Отправлено 25 Ноябрь 2011 - 10:06
Очень забавно ознакомиться с впечатлениями от гастролёй в раёне далёкой Ниагары и мне, отдавшему подобной работе много лет, вспомнились советские дороги в Казахстане, на Камчатке, в Подмосковье, как они угнетали тело и выматывали душу. Но мы снова и снова бросались в омут странствий, чтобы посмотреть на незнакомые места, познакомиться с новым слушателем и, наконец, просто заработать на хлеб насущный. Главным в этой работе, конечно, творческий процесс, который не прерывался из за трудностей быта, переездов, перелётов и общение между самими артистами и нашими попутчиками, которые относились к нам с интересом и пониманием, часто вводили нас в круг своих проблем, рассказывая о своей жизни, рассуждая о жизни вообще, тем самым расширяя горизонты наших представлений, сформировавшихся в столицах, оторванных от периферии пропастью расстояний, разницей в условиях быта, и возможностями пользования благами цивилизации.
Вот такие воспоминания проснулись после прочтения исповеди гастролёра.
А где же суть артистической профессии? Ведь то, что описывает он, характерно для странствующего человека любого вида деятельности, будь то командированный инженер, управленец, политик, агент торговой фирмы или похоронного бюро. Какой отпечаток накладывают гастроли на внутренний мир артиста? Разве только трудности пути, режим, меню и другие неудобства являются показательными для этой профессии?
Предлагаю эпизод из жизни актёрской братии в городке из глубинки (эквивалент заокеанского раёна) Хабаровского края.
Оборванные струны
Светлой памяти Бориса Штоколова
"Цветы не пахнут, сто рублей - не деньги, тысяча километров - не расстояние", - эту знаменитую дальневосточную истину я осваивал, трясясь в стареньком, грохочущем автобусе, двигавшемся по направлению ("направлениями" артисты называли отечественные дороги) к неведомому мне городу Райчихинску).

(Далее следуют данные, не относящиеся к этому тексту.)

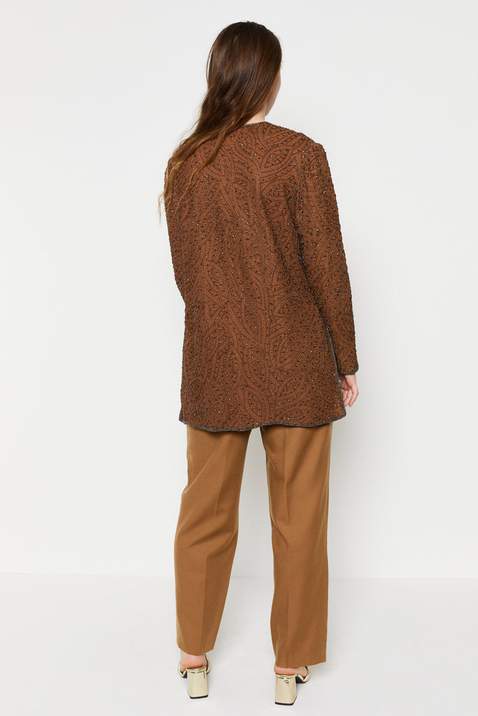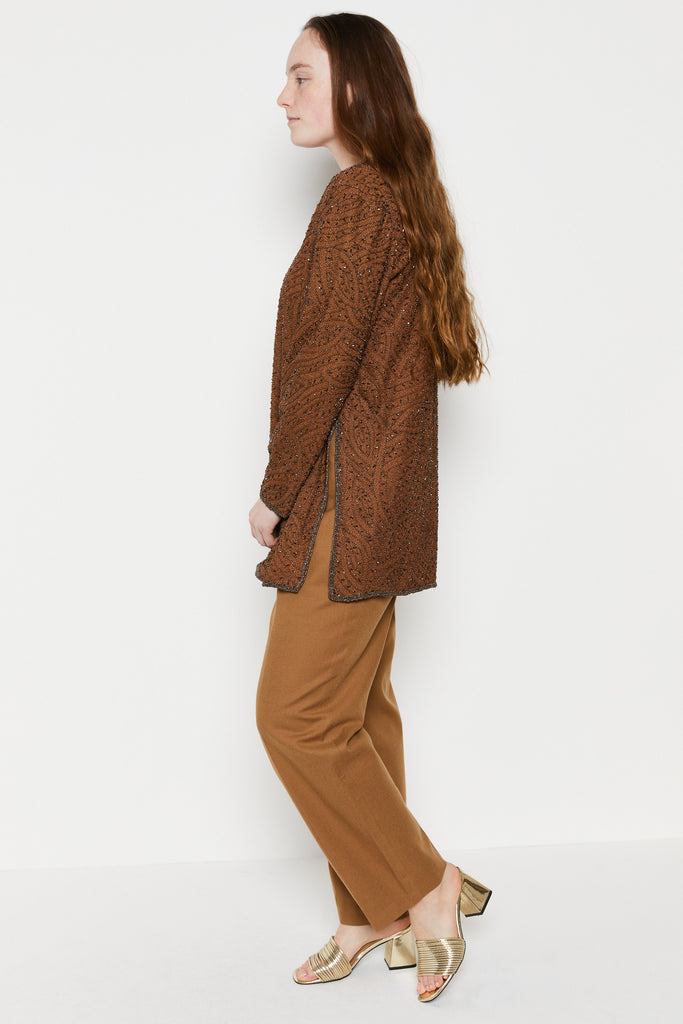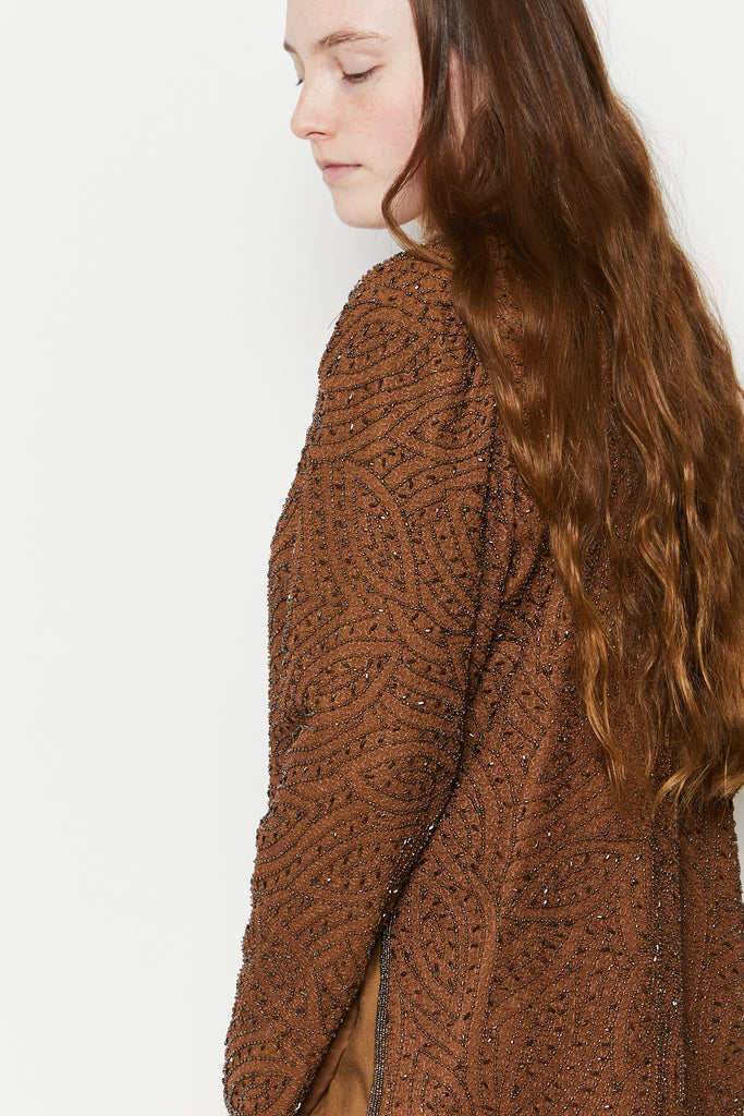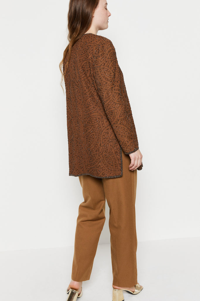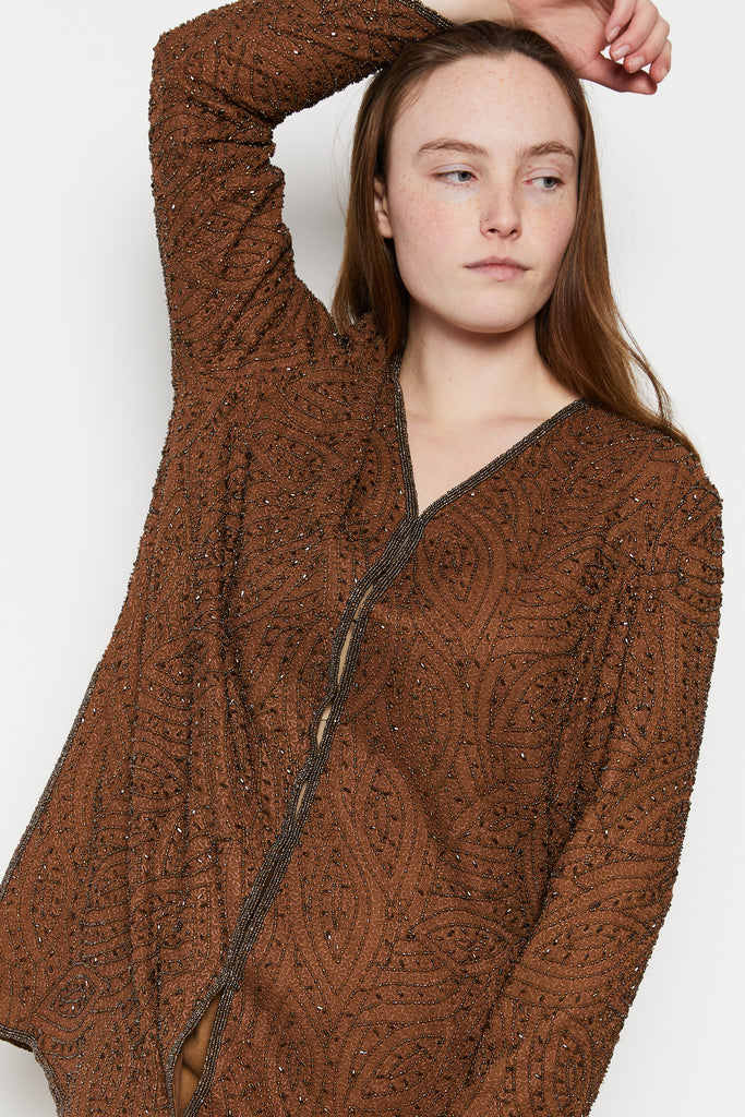 80s Cocoa Beaded Silk Tunic L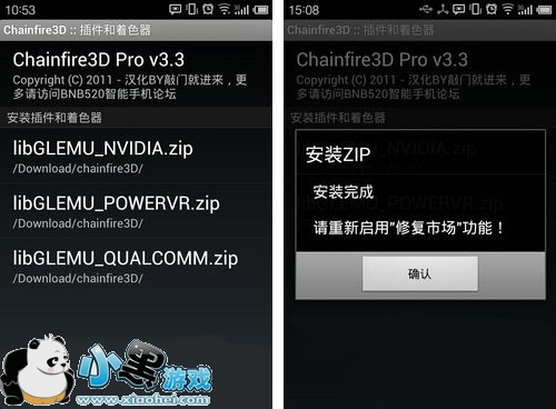 要使用Chainfire3D的模拟GPU功能,我们需要安装相应的图形插件。点击“安装插件/着色”,Chainfire3D即会自动搜索SD卡内的 插件,三个插件分别对应三种常见的GPU,点击安装即可。安装后会提示需要修复市场,这是因为Chainfire3D的插件会改变Android设备的 GPU识别码,导致市场某些应用无法适配机器。如果你发现平时找的应用找不到了,那就修复一下吧。注意,如果要卸载Chainfire3D或者CF3D驱 动,记得先卸载这些插件。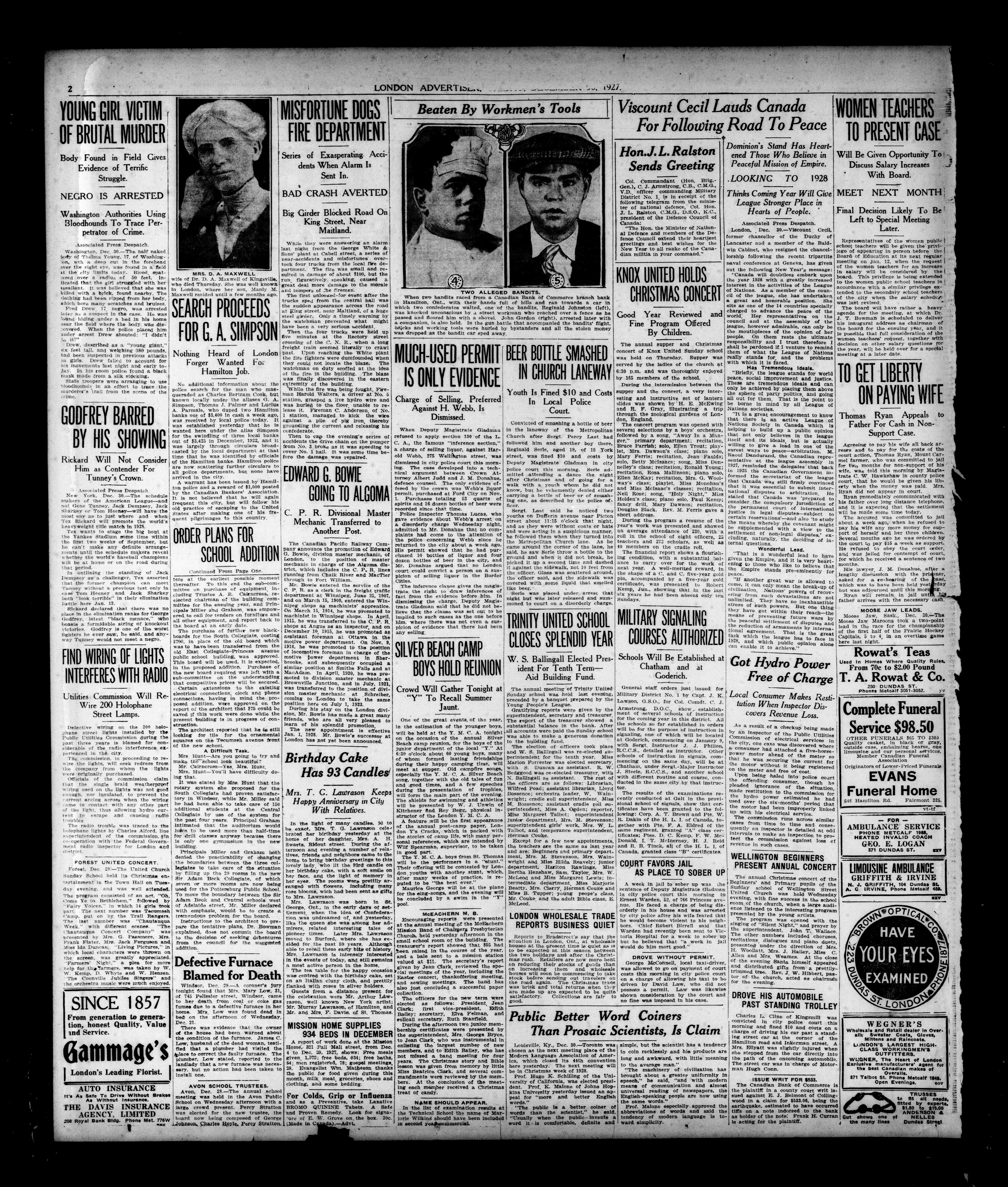 London Evening Advertiser. : London evening advertiser : 64th Year, No. 24598 (December 30, 1927)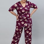 Plus Size Women Burgundy Floral Printed Night Suit With Half Sleeves

Как правило, выезд артистов к месту проведения концерта - это пытка. Даже в Подмосковье попадались иной раз такие дороги, что выматывали душу, не говоря уж о дорогах, извиняюсь, "направлениях" Дальнего Востока.
Вез нас, как я уже говорил, старенький грохочущий автобус под названием «Кубань», который артисты называли «Фурцваген», в честь министра культуры СССР Е.Фурцевой, по велению которой это «чудо» техники было создано для нужд работников культуры в глубинке. Руль и педали этого авто располагались, как обычно, перед водителем, но ручка коробки передач находилась сбоку и сзади водителя, и тот, не отрывая взгляда от дороги, сначала должен был нащупать ее, лишь затем начинал манипулировать ею. Машина была жесткая, пыльная, убогая и небезопасная, но актерская братия мирилась с этими трудностями, считая, что лучше ехать на работу с неудобствами в «Фурцвагене», нежели сидеть дома на мягком диване, но без заработка.
Вот с такими мыслями я въезжал теплым летним вечером в город Райчихинск в обществе двух Борисов - Штоколова и Мандруса. Нас разместили в старенькой гостинице и каждый занялся своими делами.
Я вспомнил, что на последнем концерте у меня потрескивала струна и занялся ремонтом порожка своей гитары, обрабатывая его напильником. При этом я неосторожно коснулся напильником струн, оставив на них едва заметные царапины. Поругав себя за небрежность, я успокоился, подумав, что такие струны выдержат все.
А струны были действительно превосходными. Такие струны я впервые увидел и услышал у испанского гитариста Н.Альфонсо во время его гастролей в Москве. Тонкие три струны были черного цвета, и их звучание было плотным и ярким. Басы же были обвиты золотистой канителью, и их толщина была значительно меньше толщины тех струн, на которых играли все мы, и это облегчало процесс игры в низком регистре. Назывались эти струны «Lа Ве11а», и я поставил себе задачу стать обладателем таких же замечательных струн.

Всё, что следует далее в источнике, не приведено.